Items listed in a dataset
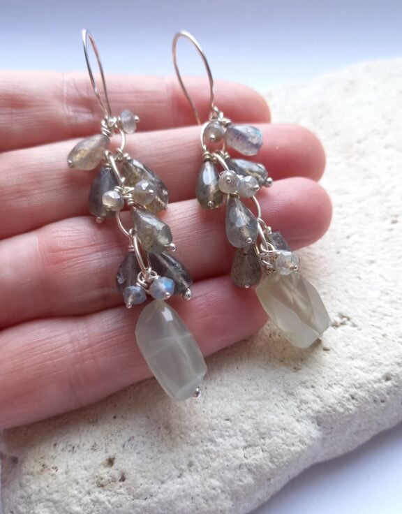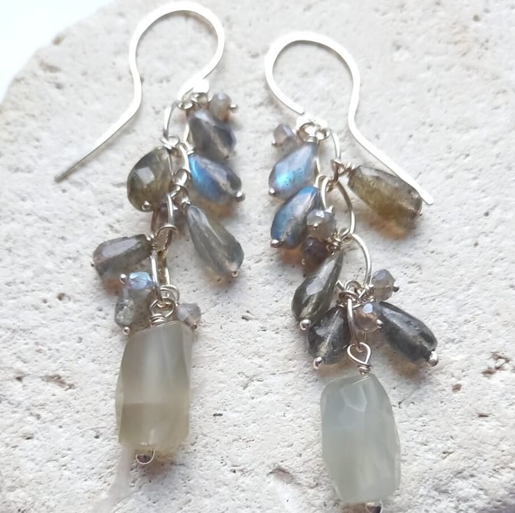 Dazzling grey labradorite and moonstone statement waterfall earrings with handmade silver hooks.
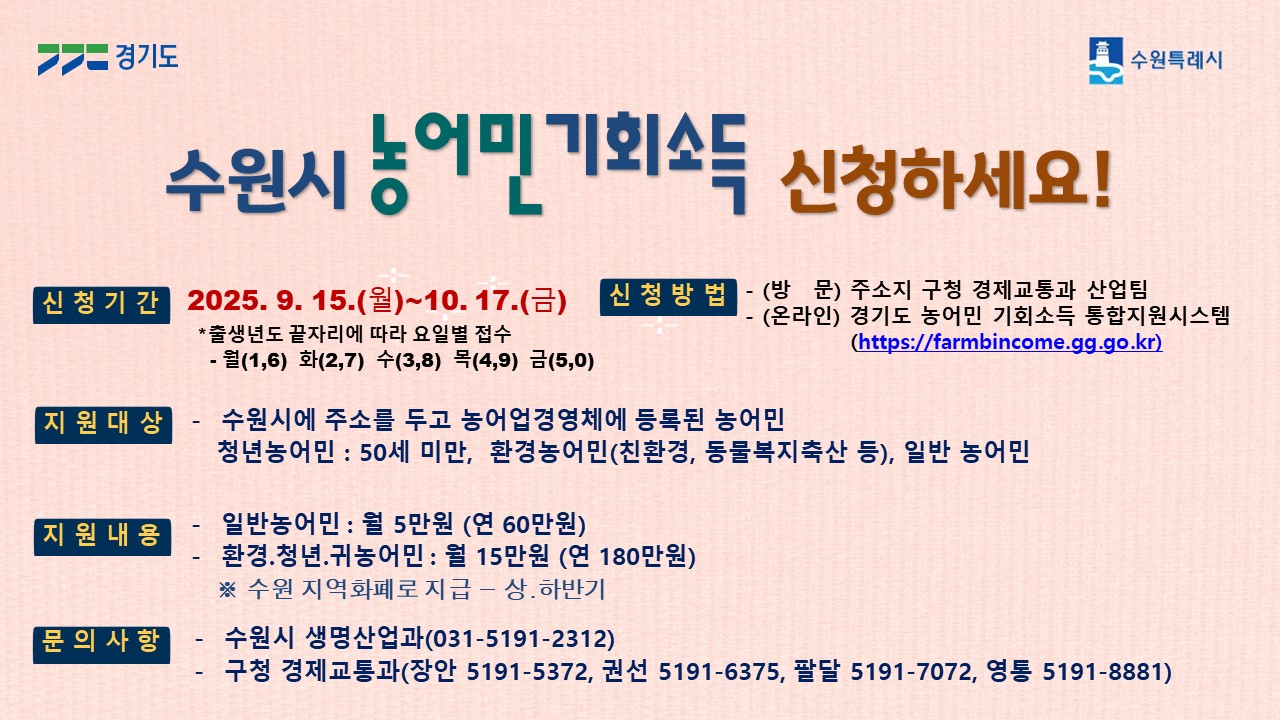수원시 농어민 기회소득 신청 접수 일정입니다.
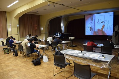 実際に画材道具を使ってマンガ技法を学びました。一人一人が集中し黙々と作業しました。
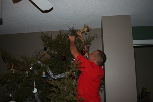 Then it was time for Zach to put the angel on top of the tree. Since the tree was so big, it actually bent at the top. So the angel is instead on the 2nd tier (ish). Good laughs again.
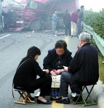 高速路车祸致3死7伤 乘客现场支摊打牌(组图)
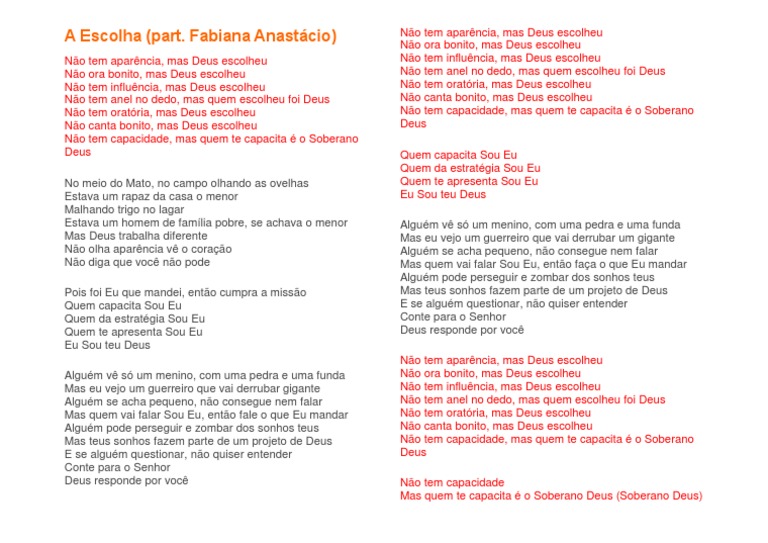 A Escolha Part Fabiana Anastacio Sandra Pires Letras Mus Br - Nao tem aparencia, mas deus escolheu nao ora bonito, mas deus escolheu nao tem influencia, mas deus escolheu nao tem anel no dedo mas quem escolheu foi deus!
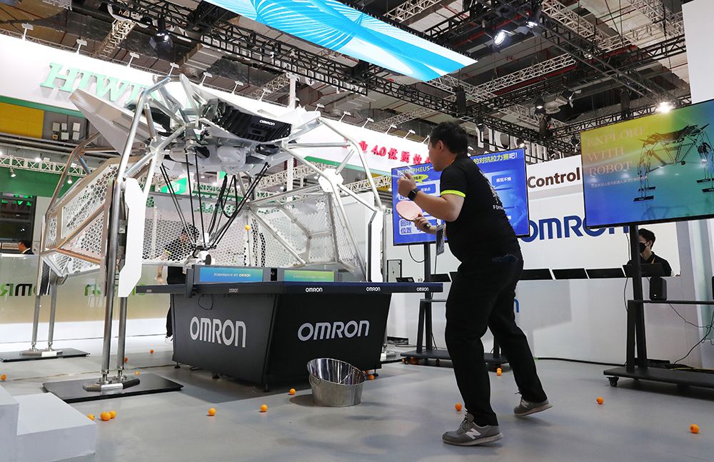 工作人员(右)在第六届进博会上展示欧姆龙公司展出的第八代FORPHEUS乒乓球教练机器人。
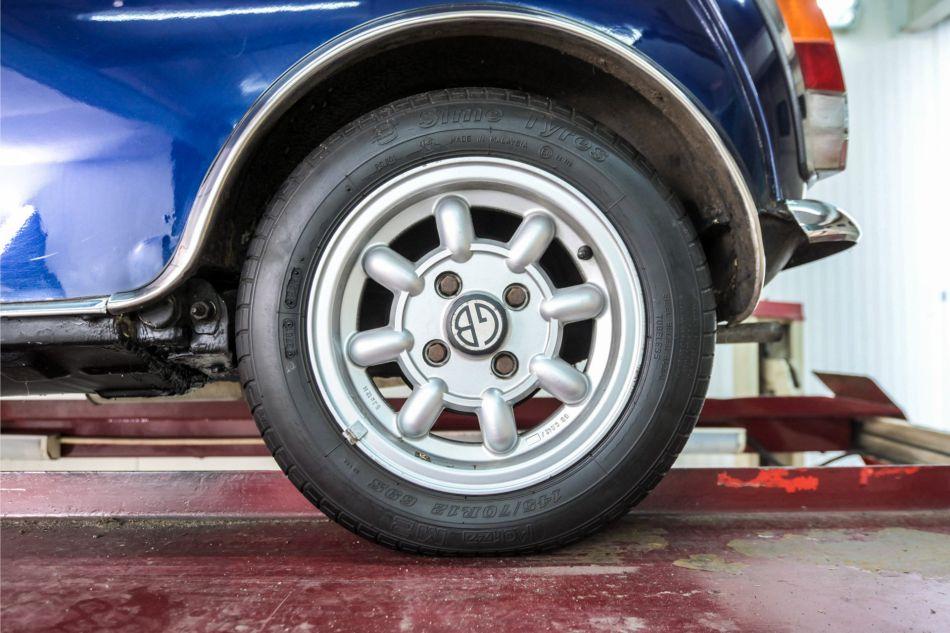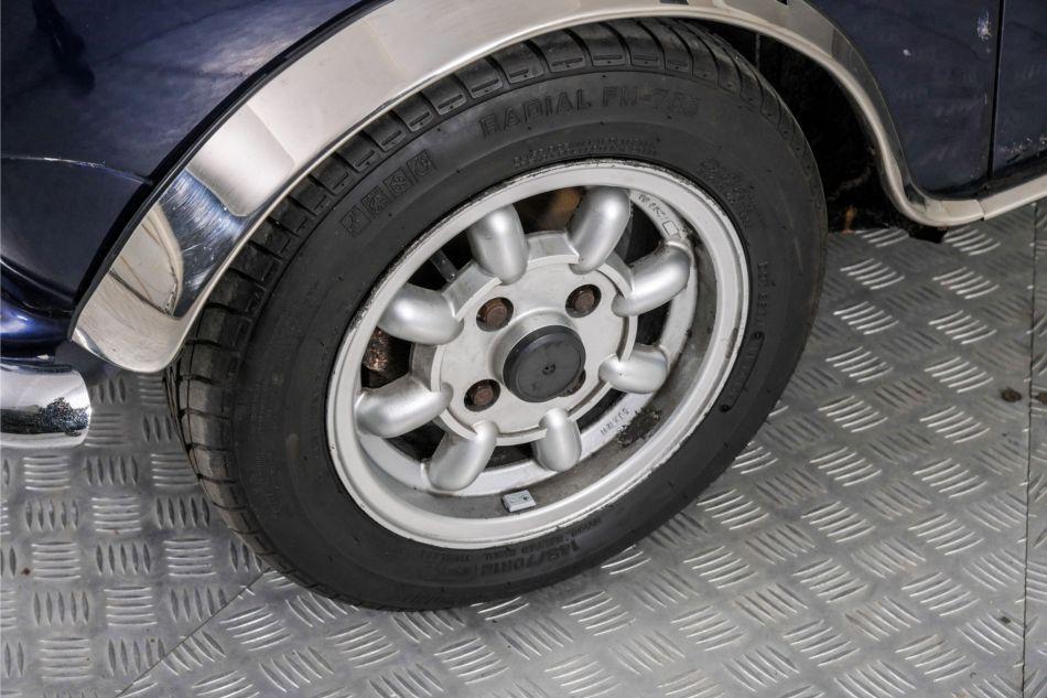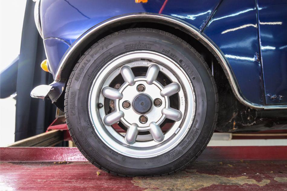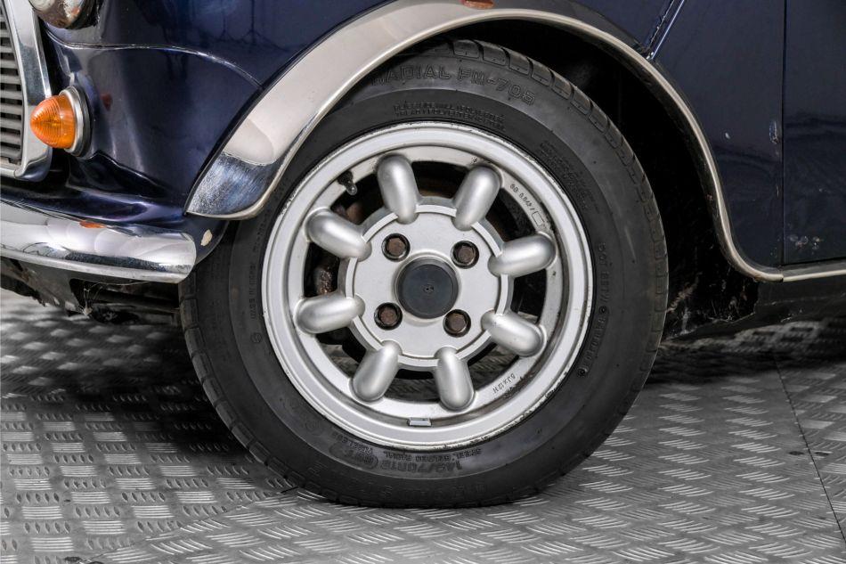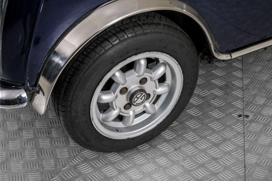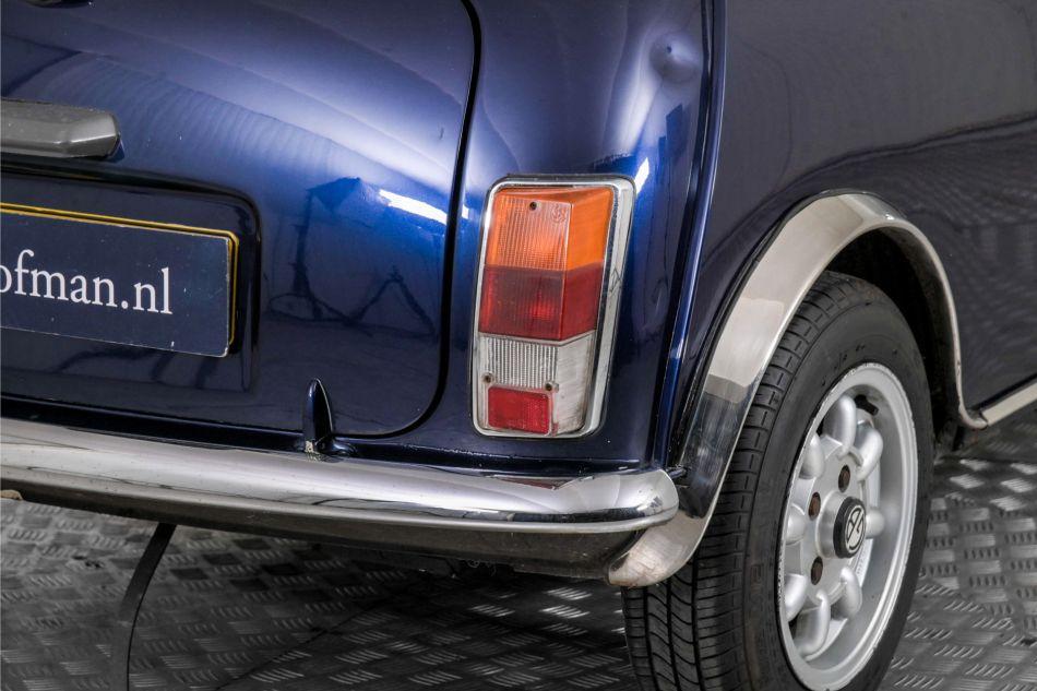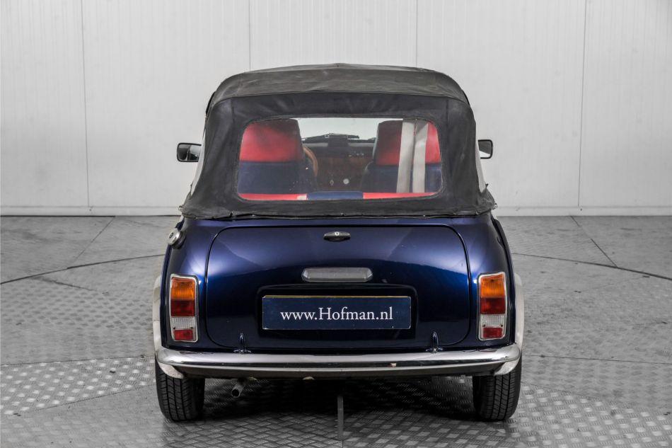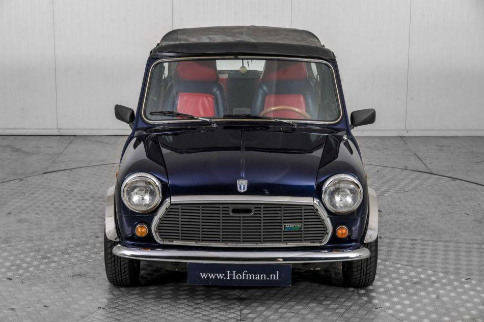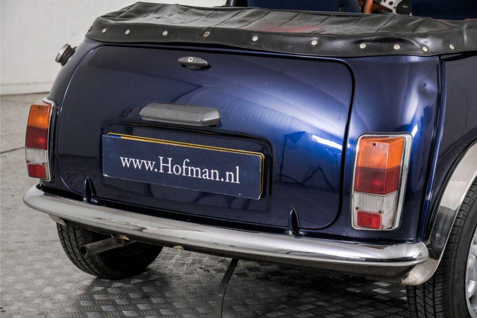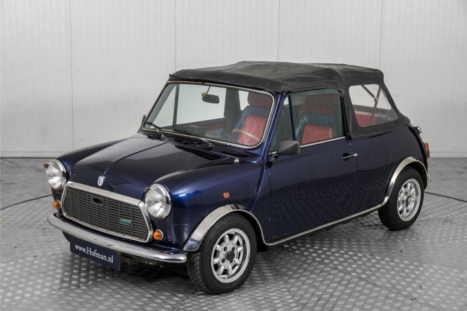 For sale Mini 1000 convertible. Nice and sporty dressed 1986 Mini Classic Convertible. Concerns a nice appearance due to the blue metallic paint and two-coloured interior. Equipped with 12-inch Minilite rims. Together with the chrome wing extensions, it gets a cool look. The interior features a beautiful wooden dashboard. A wooden sports steering wheel and wooden gear stick were also installed. The mini drives well and the driving experience with an open roof is to be enjoyed! Neatly converted to convertible in the past and approved by the RDW. The Mini 1000 HLE was updated in 1983 and came standard with disc brakes on the front wheels and had a longer transmission in the gearbox for comfortable and quieter cruising.
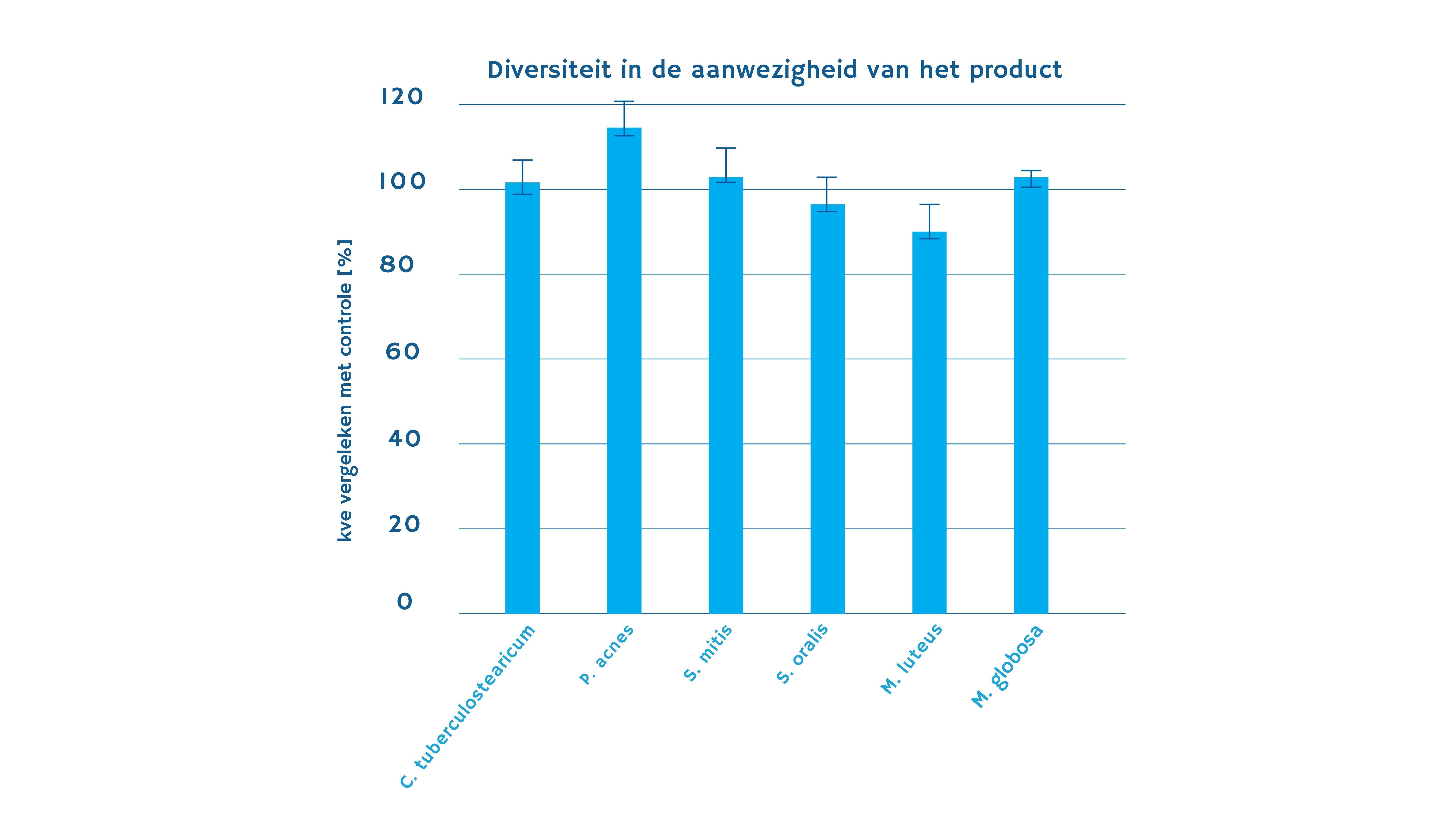 Het is ook aangetoond dat reinigingsdoekjes met minimale ingrediënten de integriteit van de commensale huidflora behouden. Een gezonde huid wordt gekoloniseerd door een diverse gemeenschap van micro-organismen, waaronder bacteriën, schimmels en virussen, die samen de huidflora vormen. Deze micro-organismen creëren een dynamisch ecosysteem dat een beschermende barrière vormt tegen pathogenen, helpt bij het reguleren van immuunreacties en de homeostase van de huid bevordert. De microbiota concurreert met pathogene micro-organismen om ruimte en voedingsstoffen, waardoor hun kolonisatie en de daaruit voortvloeiende infecties worden voorkomen (Grice en Segre, 2011). De bacterie Staphylococcus epidermidis produceert antimicrobiële peptiden (bacteriocinen) (Newstead, Varjonen et al., 2020) en draagt bij aan het behoud van de beschermende barrière van de huid (Zheng, Hunt et al., 2022), waardoor de proliferatie van pathogene bacteriën zoals Staphylococcus aureus wordt beperkt (Severn en Horswill, 2023). Bovendien draagt het behoud van de diversiteit van de commensale huidflora bij aan een optimale pool van beschermende soorten (Wallen-Russell 2019). Het behoud van de natuurlijke huidflora en het vermijden van het routinematig gebruik van additieven die de commensale microbiota kunnen elimineren, kan infecties helpen voorkomen (Harris-Ray 2022). Een reeks certificeringsexperimenten (Figuur 2) toonde aan dat minimaal invasieve doekjes de balans tussen *S. epidermidis* en *S. aureus* op de huid, noch de diversiteit van de microbiota beïnvloeden. (Ongepubliceerde gegevens)
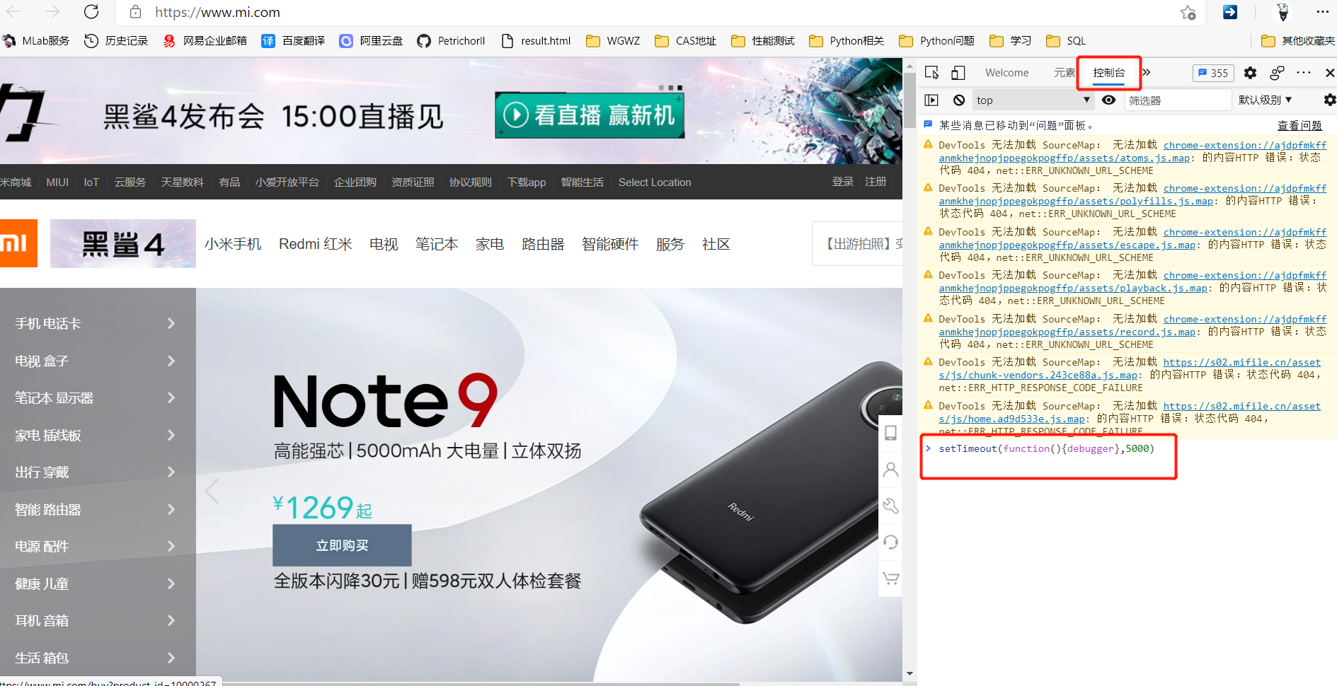 在5秒后执行debugger命令。debugger命令会使网页界面冻住,以供检查元素。
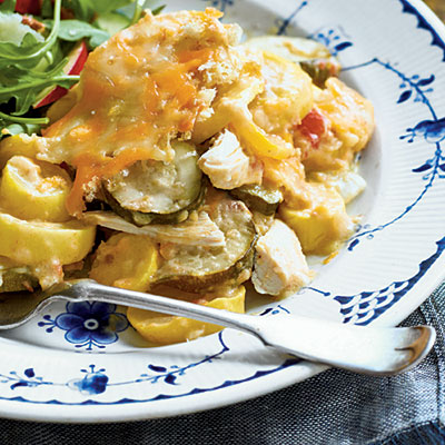 2. Drain tomatoes well, pressing between paper towels. Stir together tomatoes, chicken, and next 4 ingredients. Layer one-third each soup mixture, squash mixture, breadcrumbs, and Cheddar cheese in a lightly greased 6-qt. slow cooker. Repeat layers twice. Top with Parmesan cheese.

■ EXERCISE PROMPT: Reproduce only the lines from the beginning of the data through the line that contains "工作人员(右)在第六届进博会", both included, and please drop the pictures.

■ RESULT OF THE TASK:
 Dazzling grey labradorite and moonstone statement waterfall earrings with handmade silver hooks.
수원시 농어민 기회소득 신청 접수 일정입니다.
 実際に画材道具を使ってマンガ技法を学びました。一人一人が集中し黙々と作業しました。
 Then it was time for Zach to put the angel on top of the tree. Since the tree was so big, it actually bent at the top. So the angel is instead on the 2nd tier (ish). Good laughs again.
 高速路车祸致3死7伤 乘客现场支摊打牌(组图)
 A Escolha Part Fabiana Anastacio Sandra Pires Letras Mus Br - Nao tem aparencia, mas deus escolheu nao ora bonito, mas deus escolheu nao tem influencia, mas deus escolheu nao tem anel no dedo mas quem escolheu foi deus!
 工作人员(右)在第六届进博会上展示欧姆龙公司展出的第八代FORPHEUS乒乓球教练机器人。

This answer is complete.